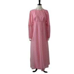Vintage Women's Maxi Dress Small Medium Pink Polka Dot Long Sleeve 1960s 1950s
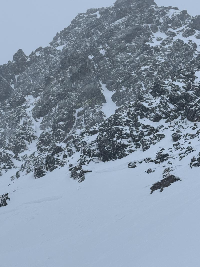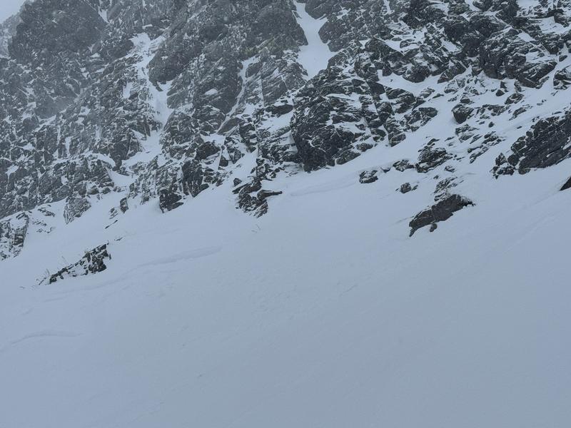 Was able to trigger this one superficial, soft slab, right along the rocks at the top of the slope, which propagated across path and ran about 40ft, but did not step down into any layers below.
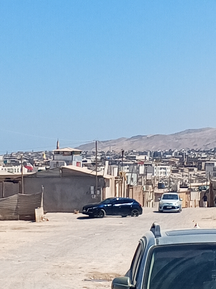 The image depicts a daytime scene in Alto Hospicio, Chile, under a clear blue sky. The environment is arid, characterized by light-colored, rocky hills in the distant background and predominantly unpaved, light brown dirt roads in the foreground and midground. In the immediate foreground, the top section of a dark-colored vehicle, likely an SUV, with visible roof rails, is partially cropped at the bottom of the frame. In the midground, a dark blue or black crossover SUV is stationary or parked on the dirt road on the left, angled slightly to the right. It exhibits a distinct light-colored stripe or reflection along its side. Further down the road, to the right of the dark SUV, a white hatchback or small SUV is visible, facing towards the viewer. The urban landscape in the mid-distance and background consists of a densely packed cluster of low-rise buildings, constructed from various materials including concrete, corrugated metal, and what appears to be unfinished brickwork. Utility poles and overhead wires crisscross the scene. A prominent feature in the mid-left is a building with a flat roof, topped by a slender, cylindrical structure with a pointed or domed roof, resembling a minaret, from which a red and white flag is visible. To the far right, near the white vehicle, two indistinct human figures are discernible, appearing to be standing or walking.
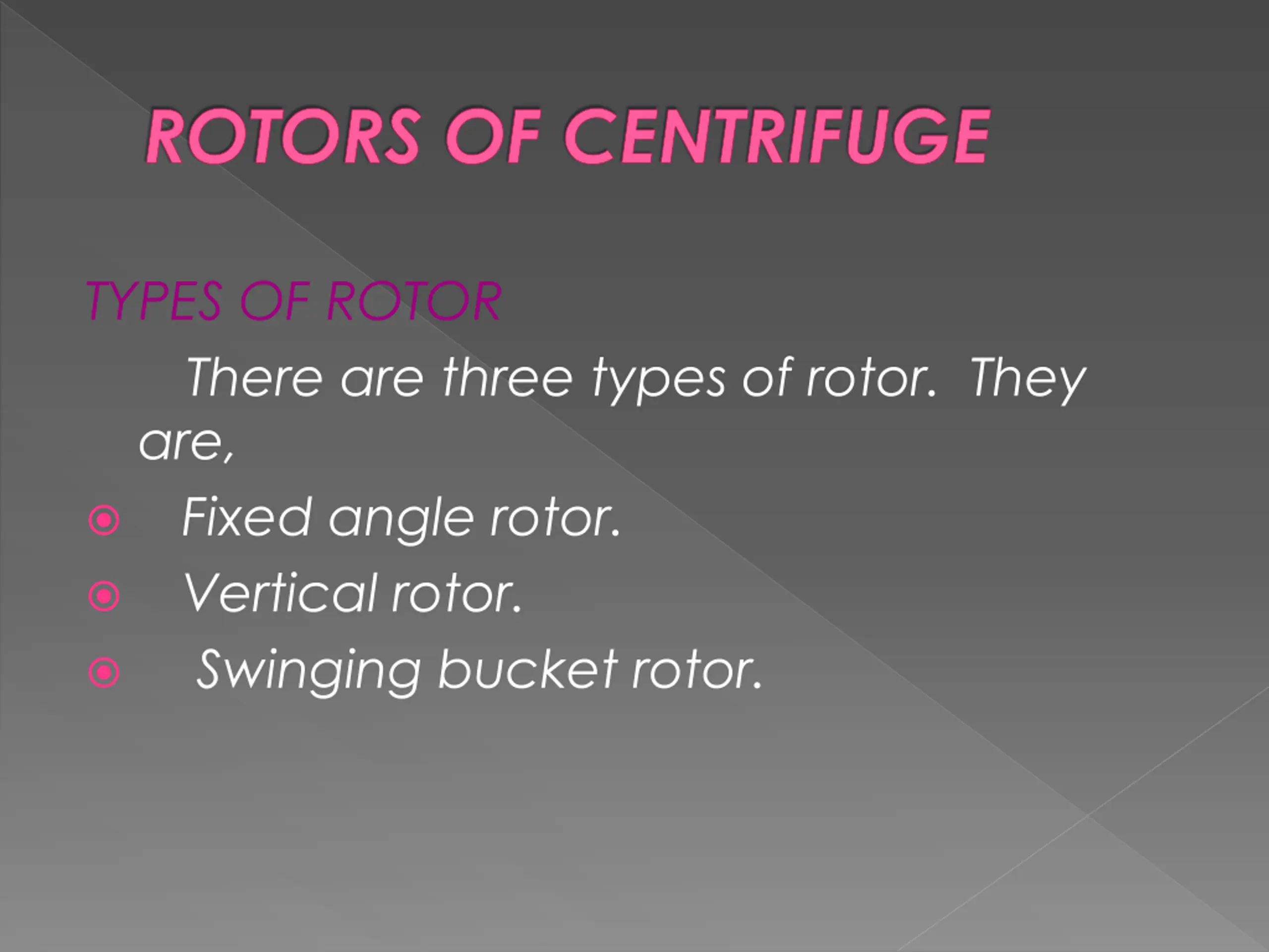 ROTORS OF CENTRIFUGE TYPES OF ROTOR There are three types of rotor. They are, Fixed angle rotor. Vertical rotor. Swinging bucket rotor.
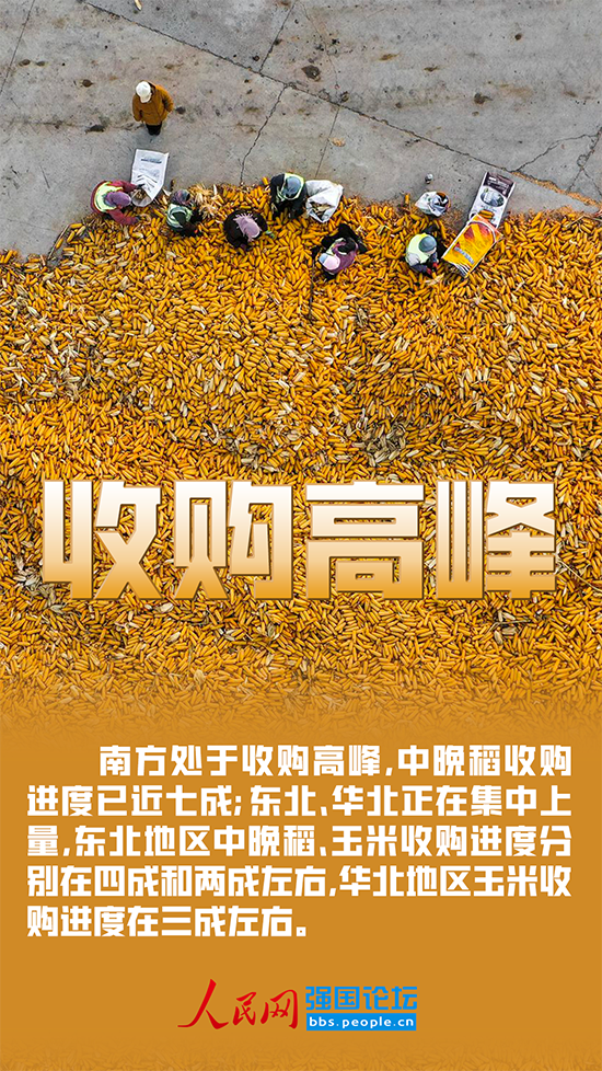 當前,南方處于收購高峰,中晚稻收購進度已近七成;東北、華北正在集中上量,東北地區中晚稻、玉米收購進度分別在四成和兩成左右,華北地區玉米收購進度在三成左右。
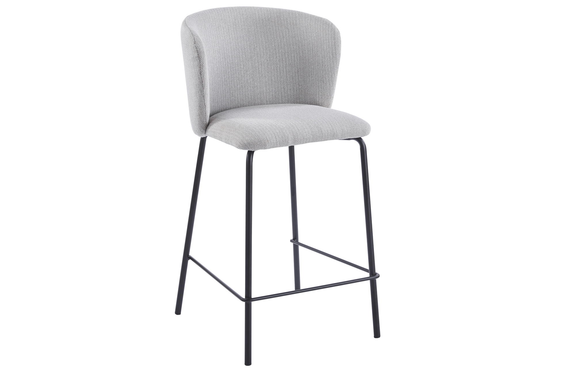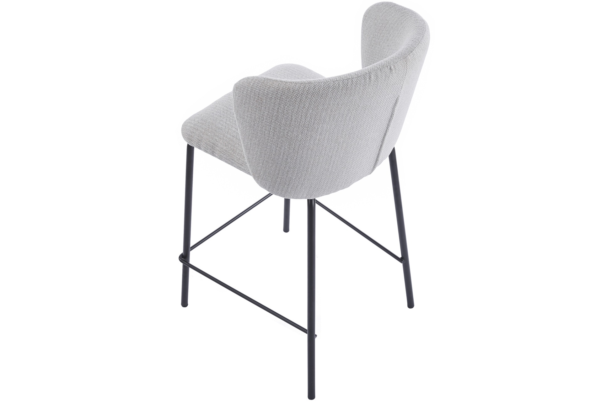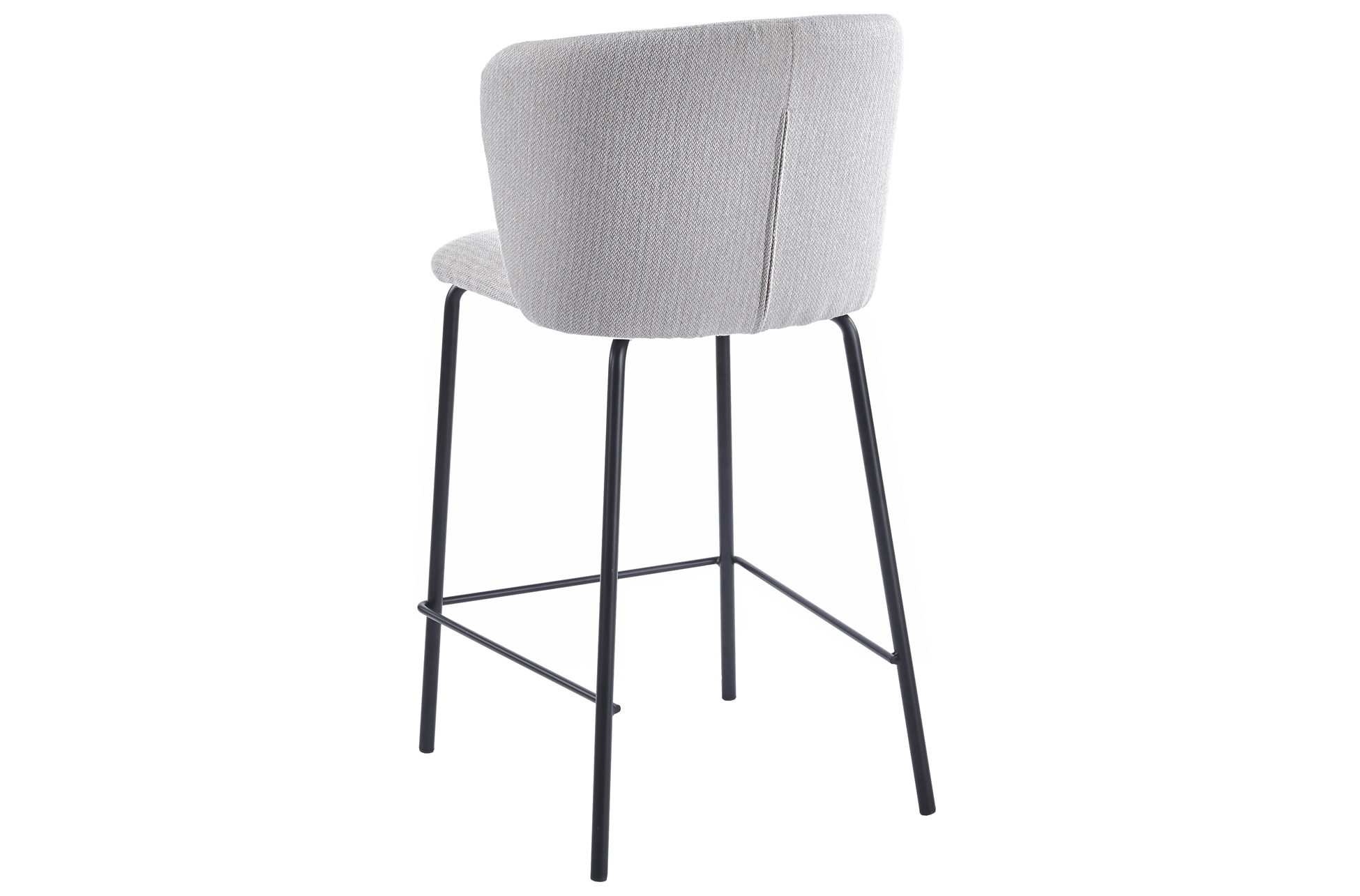 Taburete tapizado. Medida asiento y respaldo tamaño XL. Tejido beige de alto gramaje. Estructura metálica inferior sólida de una pieza soldada. Medidas: 53 x 50 x 103 cm. Alto asiento 75 cm.
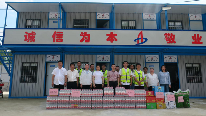 公司工會(huì)先后來(lái)到岳西中學(xué)建設(shè)項(xiàng)目(一期)安裝工程項(xiàng)目、中石化安慶分公司煉油轉(zhuǎn)化工200噸/小時(shí)污水汽提裝置項(xiàng)目、舒城第一中學(xué)遷建項(xiàng)目、四水廠DN1800、DN1400供水管道遷建工程管網(wǎng)項(xiàng)目、花園大道(徽州大道-包河大道)道路工程項(xiàng)目、定遠(yuǎn)壹石通化學(xué)科技廠房項(xiàng)目、凱盛科技超薄柔性玻璃(UTG)二期5#、6#車間及配套設(shè)施工程項(xiàng)目,給廣大一線職工送去白糖、綠豆、礦泉水、飲料、藥品等防暑降溫物品,將工會(huì)組織的關(guān)心關(guān)愛(ài)傳遞給項(xiàng)目職工。
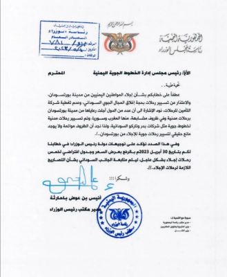 رفض مكتب رئيس الوزراء اعذار شركة الخطوط الجوية "اليمنية" وحججها بشأن اجلاء العالقين في السودان والتي
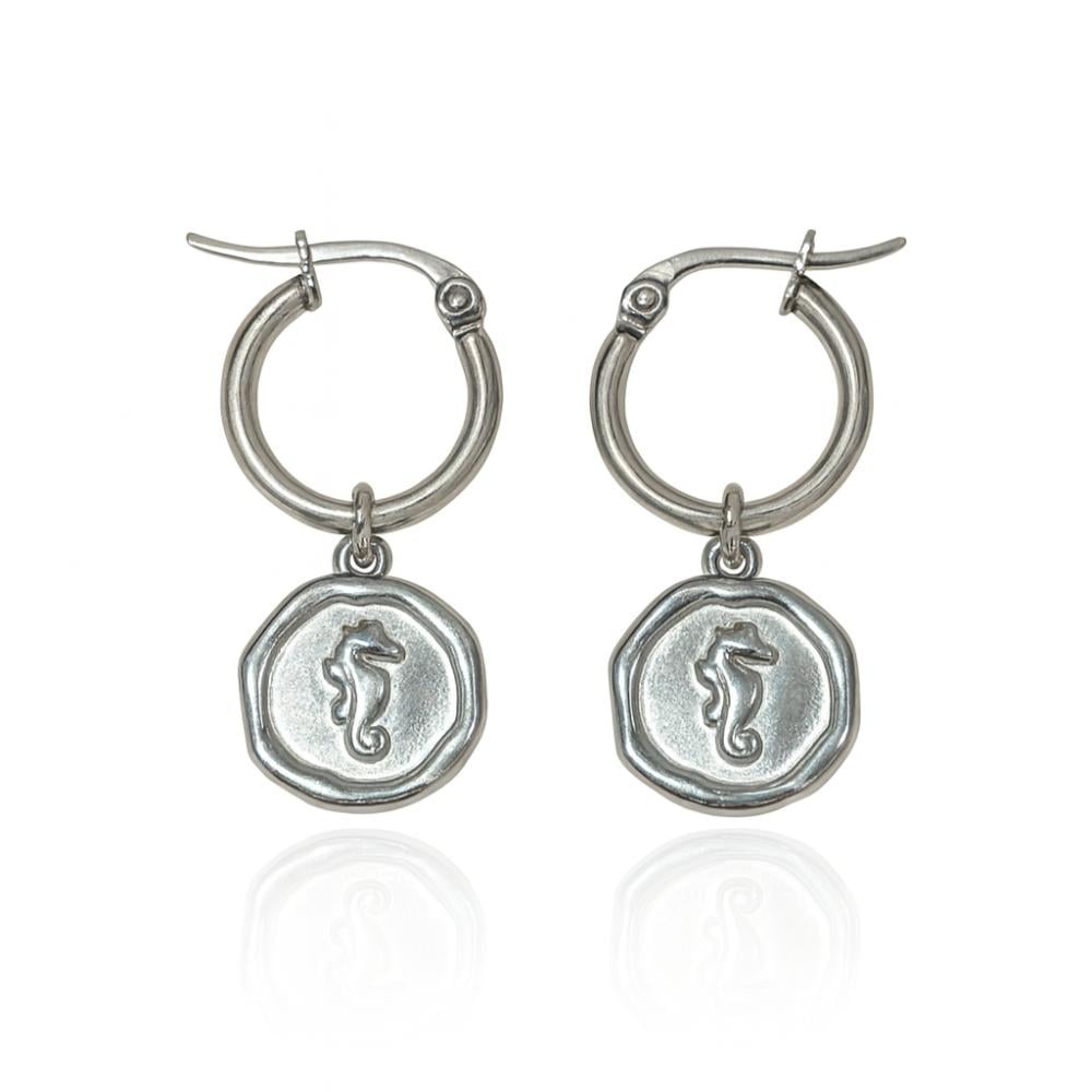 Dive into ocean-inspired elegance with these seahorse medallion hoop earrings. Featuring polished silver-toned hoops and round charms embossed with a graceful seahorse, they capture the mystical charm of the sea. A perfect accessory for those who love marine motifs and unique, statement-making jewelry.
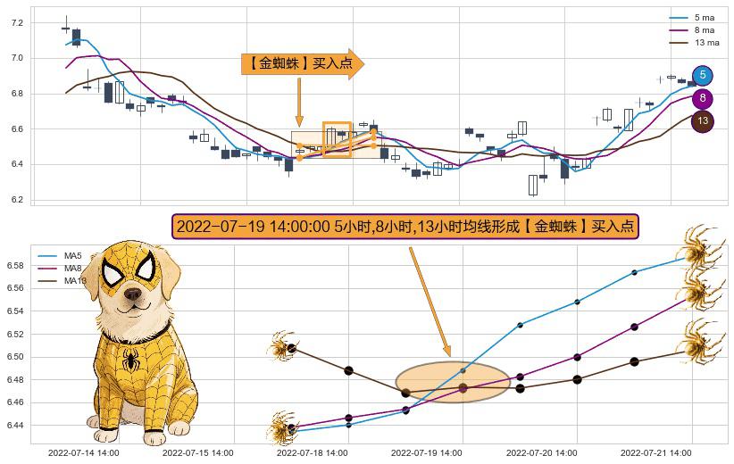 ⚀ 2022-07-19 14:00:00小时显现 5小时-8小时-13小时均线 【金蜘蛛】买入点 看多信号,后市看涨,买入
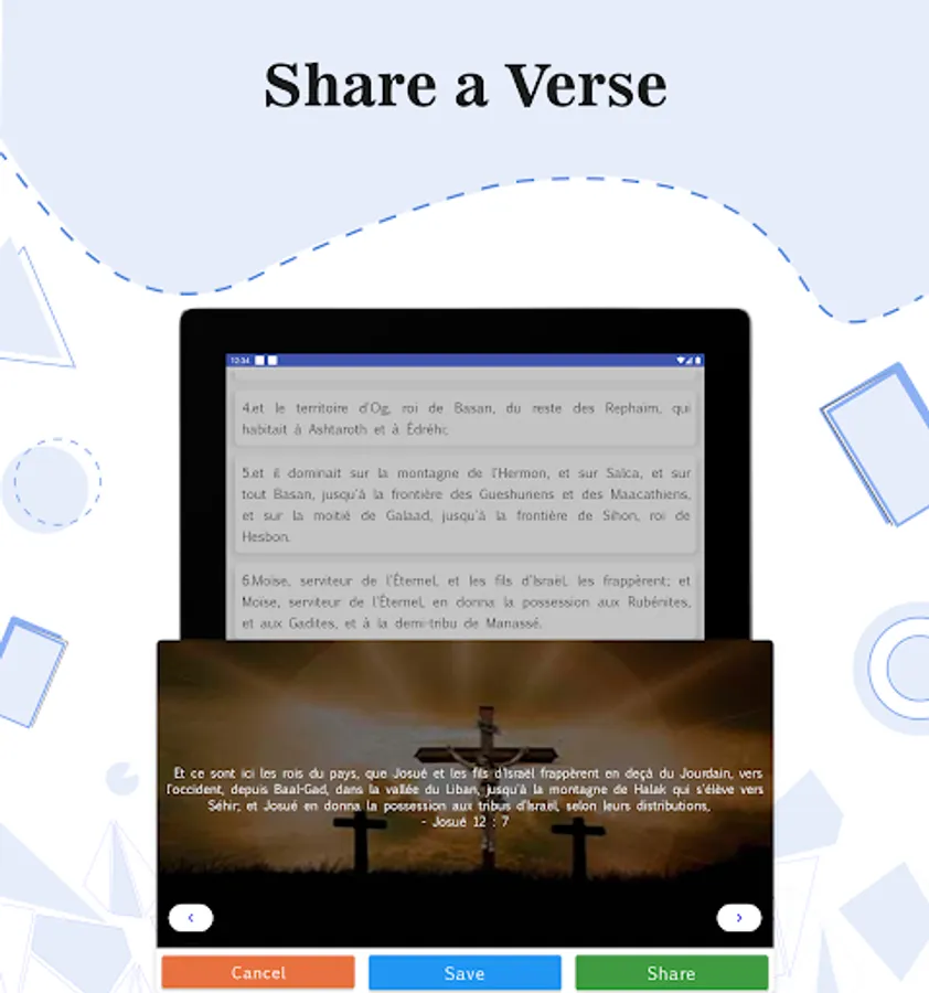 There is always a pocket version of the Lord's wordings in the name of La Sainte Bible en Francais Apps that showcase one's proper path by enlightening their mind and heart with pure soul. The Psalm of God becomes part of daily life with Sainte Bible reading at least one Verse a day can bring a vibrant change in your life. Sainte Bible marks only a limited data packet connectivity to operate on displaying the wallpaper, highlighting videos of God's advice, and so on in the list.
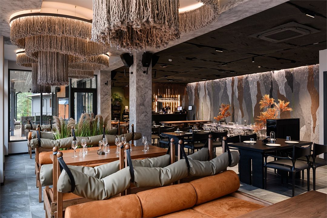 Ресторан «Горные пороги» — это настоящее удовольствие для гурманов. Интерьер заведения выполнен в натуральных оттенках, где преобладают элементы из дерева и текстиля, а посуда ручной работы добавляет особый шарм. Большие окна наполняют зал дневным светом, создавая уютную атмосферу, в которой можно наслаждаться каждым моментом. Меню ресторана составлено из натуральных продуктов и сбалансировано таким образом, чтобы способствовать гармонии с собой и природой. Это идеальное место для тех, кто ценит качественное питание и атмосферу расслабления.
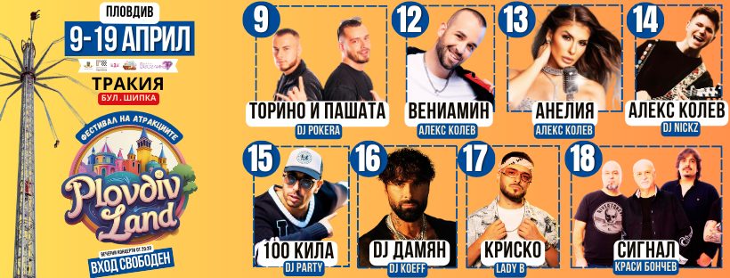 Фестивалът на атракциите се завръща в район Тракия за Великден. Проектът ще предложи микс от мащабни концерти в различни стилове, най-модерните атракции, невероятна улична храна и сладкиши, предлагайки целодневно безплатно забавление на своите посетители в рамките на единадесет фестивални дни от 9-ти до 19-ми април в кв.Тракия.
+--
→ **WORK INSTRUCTION**: Output the material word for word, omitting its pictures.

→ **OUTPUT**:
Vintage Women's Maxi Dress Small Medium Pink Polka Dot Long Sleeve 1960s 1950s
 Was able to trigger this one superficial, soft slab, right along the rocks at the top of the slope, which propagated across path and ran about 40ft, but did not step down into any layers below.
 The image depicts a daytime scene in Alto Hospicio, Chile, under a clear blue sky. The environment is arid, characterized by light-colored, rocky hills in the distant background and predominantly unpaved, light brown dirt roads in the foreground and midground. In the immediate foreground, the top section of a dark-colored vehicle, likely an SUV, with visible roof rails, is partially cropped at the bottom of the frame. In the midground, a dark blue or black crossover SUV is stationary or parked on the dirt road on the left, angled slightly to the right. It exhibits a distinct light-colored stripe or reflection along its side. Further down the road, to the right of the dark SUV, a white hatchback or small SUV is visible, facing towards the viewer. The urban landscape in the mid-distance and background consists of a densely packed cluster of low-rise buildings, constructed from various materials including concrete, corrugated metal, and what appears to be unfinished brickwork. Utility poles and overhead wires crisscross the scene. A prominent feature in the mid-left is a building with a flat roof, topped by a slender, cylindrical structure with a pointed or domed roof, resembling a minaret, from which a red and white flag is visible. To the far right, near the white vehicle, two indistinct human figures are discernible, appearing to be standing or walking.
 ROTORS OF CENTRIFUGE TYPES OF ROTOR There are three types of rotor. They are, Fixed angle rotor. Vertical rotor. Swinging bucket rotor.
 當前,南方處于收購高峰,中晚稻收購進度已近七成;東北、華北正在集中上量,東北地區中晚稻、玉米收購進度分別在四成和兩成左右,華北地區玉米收購進度在三成左右。
 Taburete tapizado. Medida asiento y respaldo tamaño XL. Tejido beige de alto gramaje. Estructura metálica inferior sólida de una pieza soldada. Medidas: 53 x 50 x 103 cm. Alto asiento 75 cm.
 公司工會(huì)先后來(lái)到岳西中學(xué)建設(shè)項(xiàng)目(一期)安裝工程項(xiàng)目、中石化安慶分公司煉油轉(zhuǎn)化工200噸/小時(shí)污水汽提裝置項(xiàng)目、舒城第一中學(xué)遷建項(xiàng)目、四水廠DN1800、DN1400供水管道遷建工程管網(wǎng)項(xiàng)目、花園大道(徽州大道-包河大道)道路工程項(xiàng)目、定遠(yuǎn)壹石通化學(xué)科技廠房項(xiàng)目、凱盛科技超薄柔性玻璃(UTG)二期5#、6#車間及配套設(shè)施工程項(xiàng)目,給廣大一線職工送去白糖、綠豆、礦泉水、飲料、藥品等防暑降溫物品,將工會(huì)組織的關(guān)心關(guān)愛(ài)傳遞給項(xiàng)目職工。
 رفض مكتب رئيس الوزراء اعذار شركة الخطوط الجوية "اليمنية" وحججها بشأن اجلاء العالقين في السودان والتي
 Dive into ocean-inspired elegance with these seahorse medallion hoop earrings. Featuring polished silver-toned hoops and round charms embossed with a graceful seahorse, they capture the mystical charm of the sea. A perfect accessory for those who love marine motifs and unique, statement-making jewelry.
 ⚀ 2022-07-19 14:00:00小时显现 5小时-8小时-13小时均线 【金蜘蛛】买入点 看多信号,后市看涨,买入
 There is always a pocket version of the Lord's wordings in the name of La Sainte Bible en Francais Apps that showcase one's proper path by enlightening their mind and heart with pure soul. The Psalm of God becomes part of daily life with Sainte Bible reading at least one Verse a day can bring a vibrant change in your life. Sainte Bible marks only a limited data packet connectivity to operate on displaying the wallpaper, highlighting videos of God's advice, and so on in the list.
 Ресторан «Горные пороги» — это настоящее удовольствие для гурманов. Интерьер заведения выполнен в натуральных оттенках, где преобладают элементы из дерева и текстиля, а посуда ручной работы добавляет особый шарм. Большие окна наполняют зал дневным светом, создавая уютную атмосферу, в которой можно наслаждаться каждым моментом. Меню ресторана составлено из натуральных продуктов и сбалансировано таким образом, чтобы способствовать гармонии с собой и природой. Это идеальное место для тех, кто ценит качественное питание и атмосферу расслабления.
 Фестивалът на атракциите се завръща в район Тракия за Великден. Проектът ще предложи микс от мащабни концерти в различни стилове, най-модерните атракции, невероятна улична храна и сладкиши, предлагайки целодневно безплатно забавление на своите посетители в рамките на единадесет фестивални дни от 9-ти до 19-ми април в кв.Тракия.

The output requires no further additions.